■ **What you are asked to do**
Only the images are to be dropped; the records themselves must be repeated exactly.

Dataset records section start

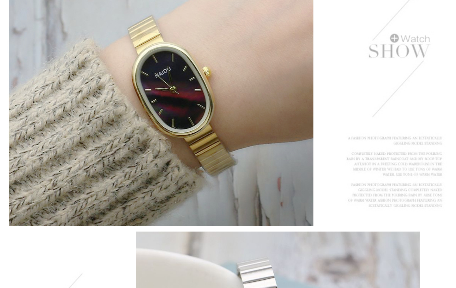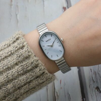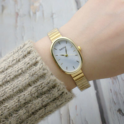 Đồng hồ elip tấm nhỏ dây tre cô gái đồng hồ sinh viên dây lưới đồng hồ vàng đồng hồ nữ Mori đồng hồ thạch anh nhỏ tươi
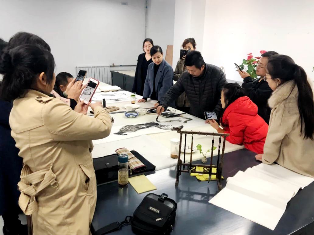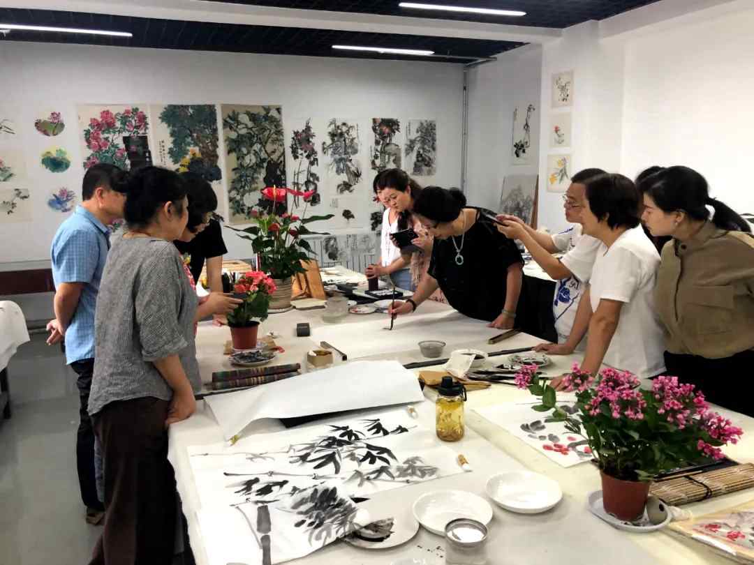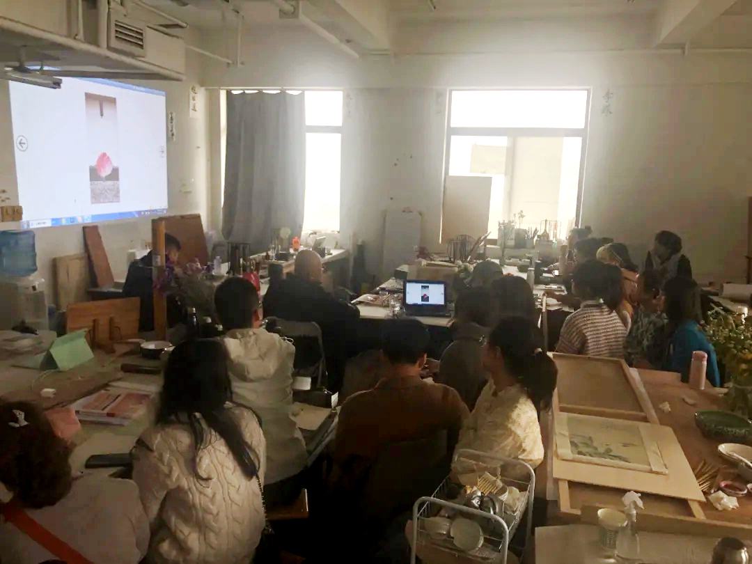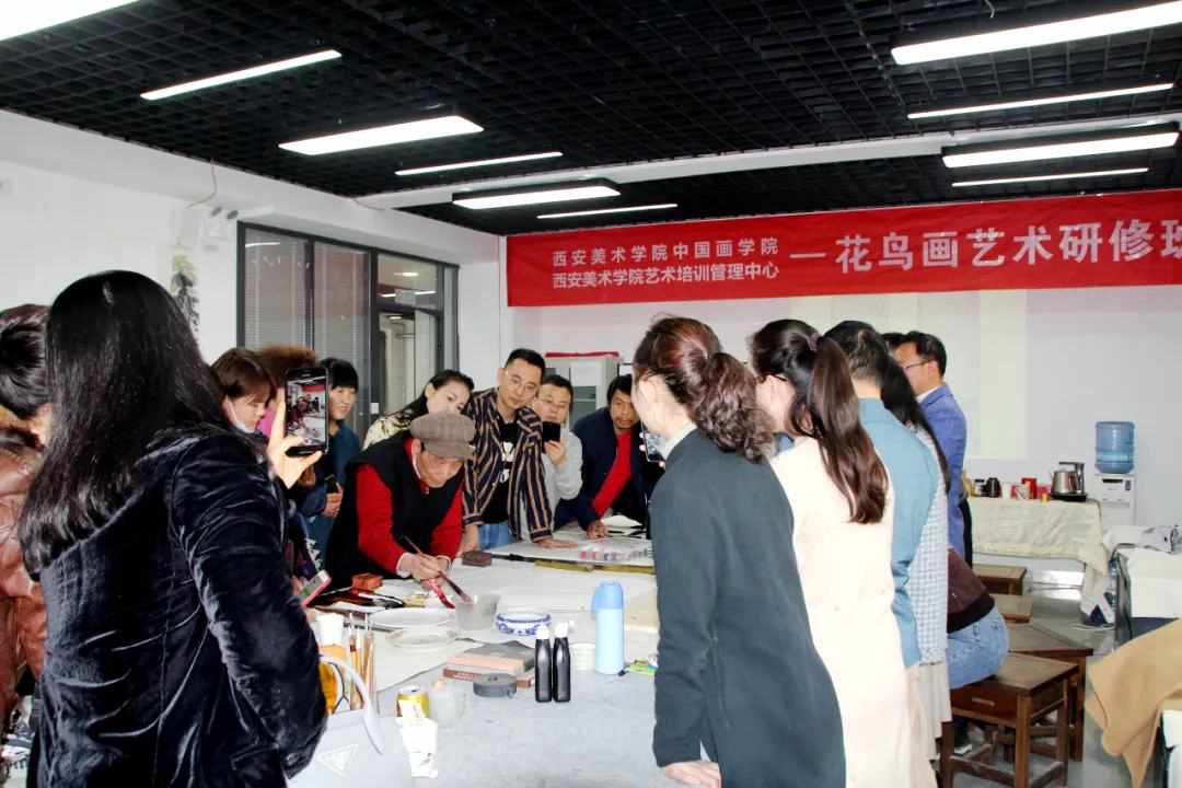 韩莉老师给大家讲解写意花鸟画构图技法、做课堂示范及讲解
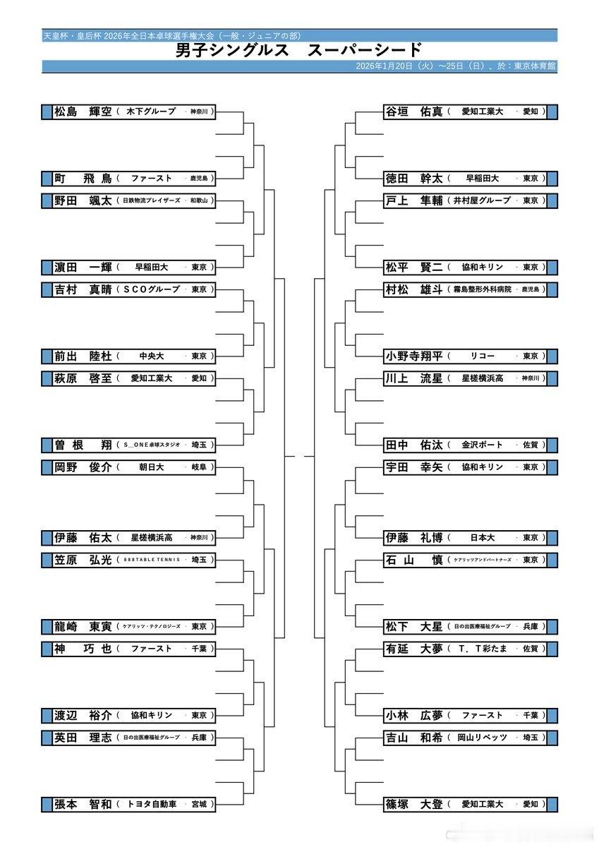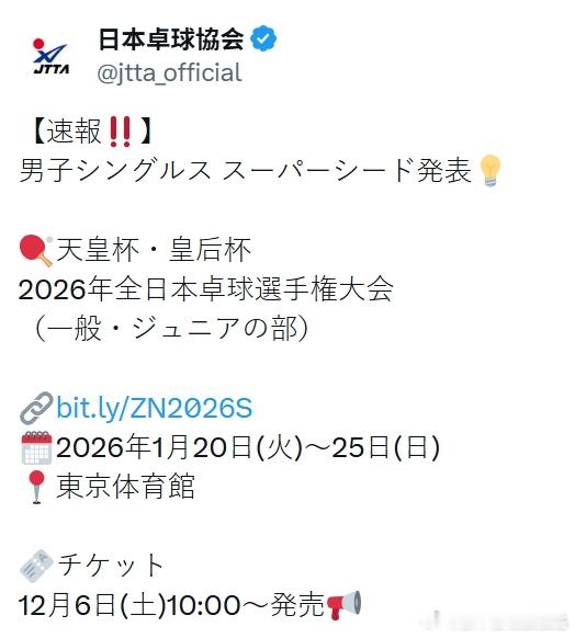 全日本乒乓球锦标赛2026张本智和 251205 JTTA公布种子选手名单。张本智和参加成年组男单比赛,作为前四种子,落位2/4区。比赛将在2026年1月20日至26日分别在东京和名古屋举行。12月6日开始售票。“【突发新闻‼️ 】男单超级种子选手名单公布💡🏓皇帝杯/皇后杯2026年全日本乒乓球锦标赛(成人组和青少年组)🔗网页链接🗓️ 2026年1月20日(星期二)至1月25日(星期日)📍东京体育馆🎫票12月6日星期六上午10:00开始发售📢” (机翻)Cr:JTTA
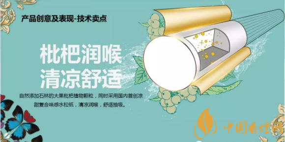 產(chǎn)品特點(diǎn):選用可直接飲用的國家1類水質(zhì)—撫仙湖水滋養(yǎng)的玉溪莊園小產(chǎn)區(qū)煙葉,片片純凈,清香純正。自然添加阿詩瑪故鄉(xiāng)石林的大果枇杷植物顆粒,同時(shí)采用國內(nèi)首創(chuàng)涼甜復(fù)合味感水松紙,清涼潤喉,舒適抽吸。自然萃取天然,清甜回甘,愉悅享受,豐富抽吸滿足感。
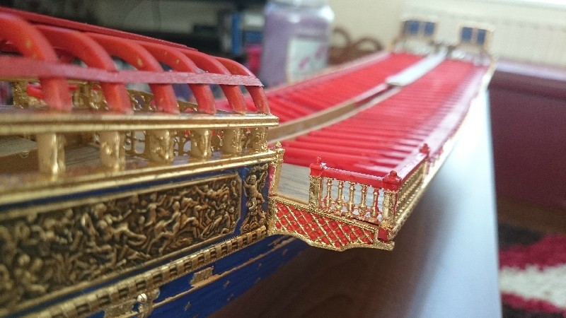 Any panels I would guild the whole panel then paint the base colour over the gold, as I've not found a successful way of removing the little whispy bits left around the edges.your soliel build would look amazing, I was going to get the soliel and do this but the rigging put me off for now, I will see how the rigging goes with this.
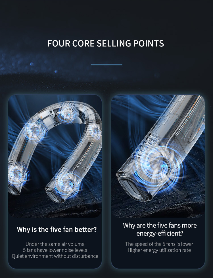 Professional TC05 Five-Core Cooling Neck Fan Factory, Custom 4000mAh Semiconductor Neck Cooler Supplier for Brands, Sellers & Wholesalers
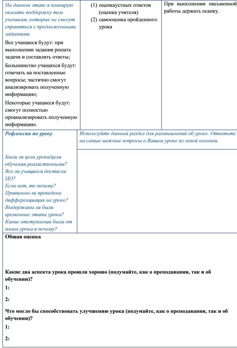 Были ли цели урока/цели обучения реалистичными? Все ли учащиеся достигли ЦО? Если нет, то почему? Правильно ли проведена дифференциация на уроке? Выдержаны ли были временные этапы урока? Какие отступления были от плана урока и почему? |
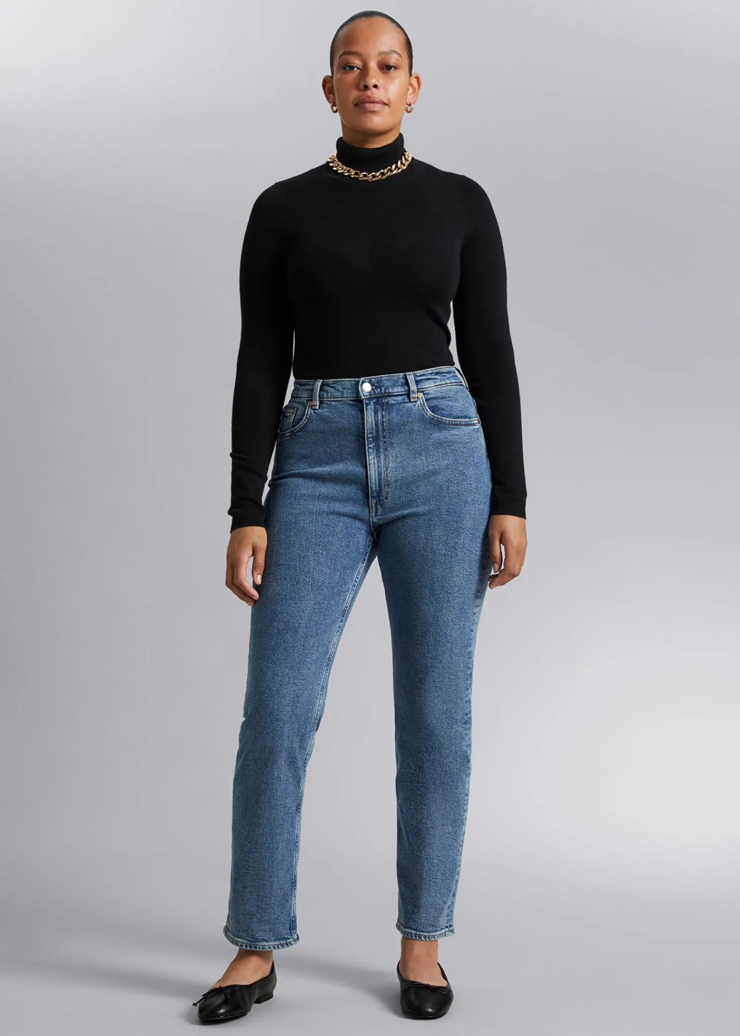 5-Lommers Jeans Med Høj Talje Og Slanke Ben I Fuld Længde. Højtaljet Slanke Ben Comfort Stretch Lynlås Og Knapgylp
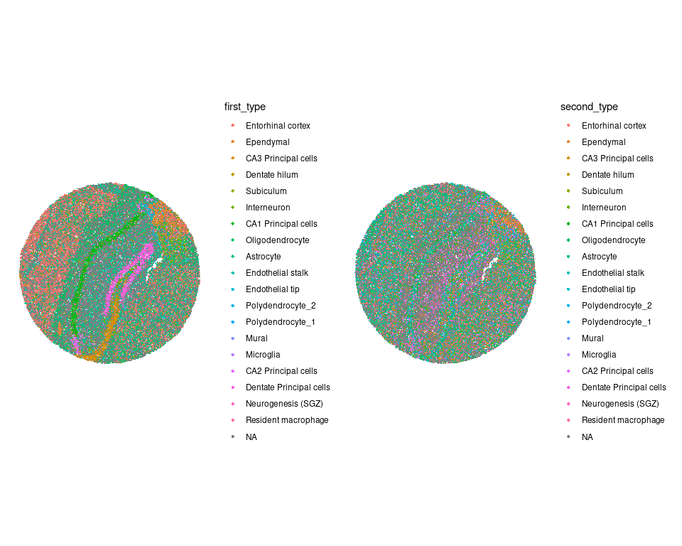 因为我们在doublet模式下运行RCTD,所以算法会为每个barcode或spot分配一个first_type和second_type。😏
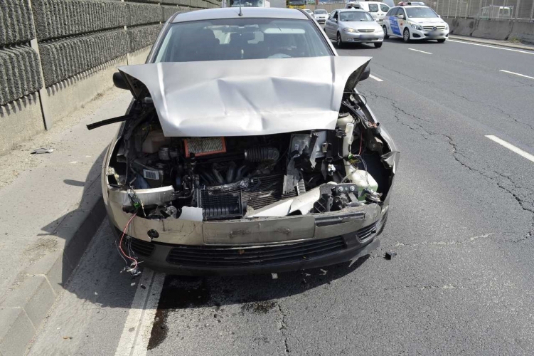 A fenti képen az egyik balesetben összetört autó látható. Két autó ütközött össze 2021. május 15-én 10 óra körül Budapest XV. kerületében, az M3-as autópálya bevezető szakaszán. Ebben a balesetben egy ember könnyebben sérült meg.
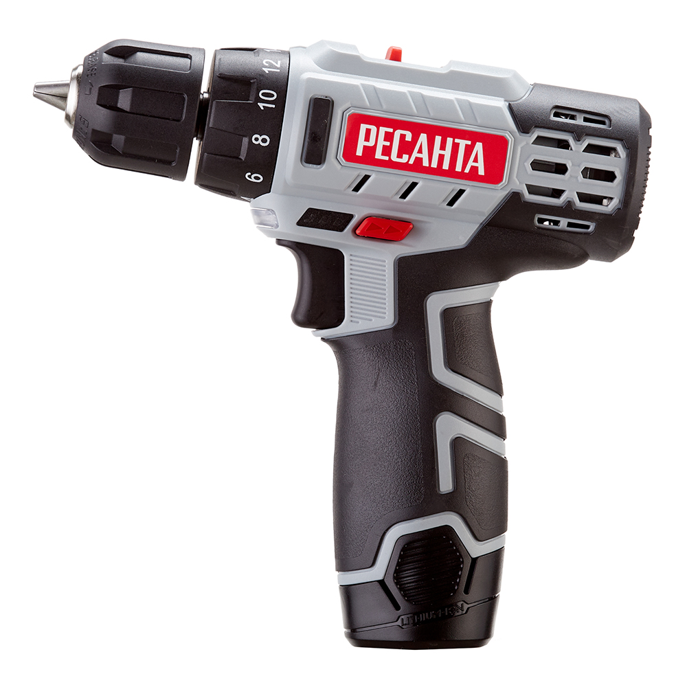Дрель-шуруповерт аккумуляторная Ресанта ДА-12-2ЛК 12 В 2 Ач Li-Ion 2 АКБ иЗУ (75/14/2)
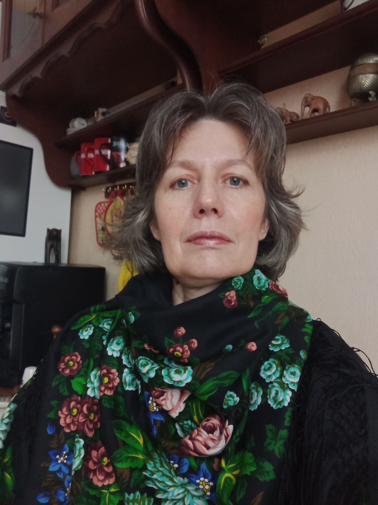 Люба, милая Незабудка. А мы ж не наряжаемся, просто живем так, в платках. Иногда в элегантно серых.

Dataset records section end

■ **Answer for this exercise**
 Đồng hồ elip tấm nhỏ dây tre cô gái đồng hồ sinh viên dây lưới đồng hồ vàng đồng hồ nữ Mori đồng hồ thạch anh nhỏ tươi
 韩莉老师给大家讲解写意花鸟画构图技法、做课堂示范及讲解
 全日本乒乓球锦标赛2026张本智和 251205 JTTA公布种子选手名单。张本智和参加成年组男单比赛,作为前四种子,落位2/4区。比赛将在2026年1月20日至26日分别在东京和名古屋举行。12月6日开始售票。“【突发新闻‼️ 】男单超级种子选手名单公布💡🏓皇帝杯/皇后杯2026年全日本乒乓球锦标赛(成人组和青少年组)🔗网页链接🗓️ 2026年1月20日(星期二)至1月25日(星期日)📍东京体育馆🎫票12月6日星期六上午10:00开始发售📢” (机翻)Cr:JTTA
 產(chǎn)品特點(diǎn):選用可直接飲用的國家1類水質(zhì)—撫仙湖水滋養(yǎng)的玉溪莊園小產(chǎn)區(qū)煙葉,片片純凈,清香純正。自然添加阿詩瑪故鄉(xiāng)石林的大果枇杷植物顆粒,同時(shí)采用國內(nèi)首創(chuàng)涼甜復(fù)合味感水松紙,清涼潤喉,舒適抽吸。自然萃取天然,清甜回甘,愉悅享受,豐富抽吸滿足感。
 Any panels I would guild the whole panel then paint the base colour over the gold, as I've not found a successful way of removing the little whispy bits left around the edges.your soliel build would look amazing, I was going to get the soliel and do this but the rigging put me off for now, I will see how the rigging goes with this.
 Professional TC05 Five-Core Cooling Neck Fan Factory, Custom 4000mAh Semiconductor Neck Cooler Supplier for Brands, Sellers & Wholesalers
 Были ли цели урока/цели обучения реалистичными? Все ли учащиеся достигли ЦО? Если нет, то почему? Правильно ли проведена дифференциация на уроке? Выдержаны ли были временные этапы урока? Какие отступления были от плана урока и почему? |
 5-Lommers Jeans Med Høj Talje Og Slanke Ben I Fuld Længde. Højtaljet Slanke Ben Comfort Stretch Lynlås Og Knapgylp
 因为我们在doublet模式下运行RCTD,所以算法会为每个barcode或spot分配一个first_type和second_type。😏
 A fenti képen az egyik balesetben összetört autó látható. Két autó ütközött össze 2021. május 15-én 10 óra körül Budapest XV. kerületében, az M3-as autópálya bevezető szakaszán. Ebben a balesetben egy ember könnyebben sérült meg.
Дрель-шуруповерт аккумуляторная Ресанта ДА-12-2ЛК 12 В 2 Ач Li-Ion 2 АКБ иЗУ (75/14/2)
 Люба, милая Незабудка. А мы ж не наряжаемся, просто живем так, в платках. Иногда в элегантно серых.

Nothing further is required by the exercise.